- _TASK DETAILS_
Could you restate, exactly and with nothing added, the lines from the start of the data through the line that holds "Xue Long (Snow", leaving the pictures out?

- _RECORDED DATA_
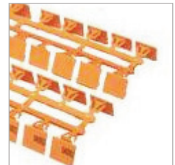
Numbered security seals
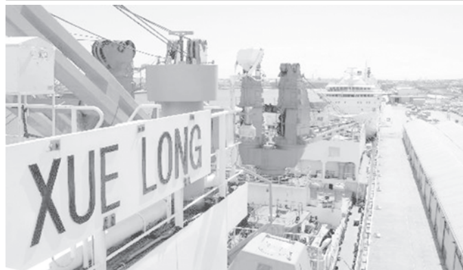
Xue Long (Snow Dragon) icebreaker arrives at Fremantle port, Australia, on 18 March, 2010. China's 26 th Antarctic expedition team arrived here on Thursday for a replenishment, which would be the last supply for this expedition travel.
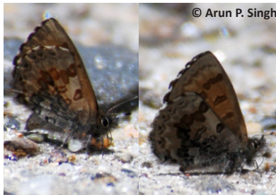
Image 3. Straightwing Blue Orthomiella pontis pontis Elwes

- _YOUR SOLUTION_
Numbered security seals
Xue Long (Snow Dragon) icebreaker arrives at Fremantle port, Australia, on 18 March, 2010. China's 26 th Antarctic expedition team arrived here on Thursday for a replenishment, which would be the last supply for this expedition travel.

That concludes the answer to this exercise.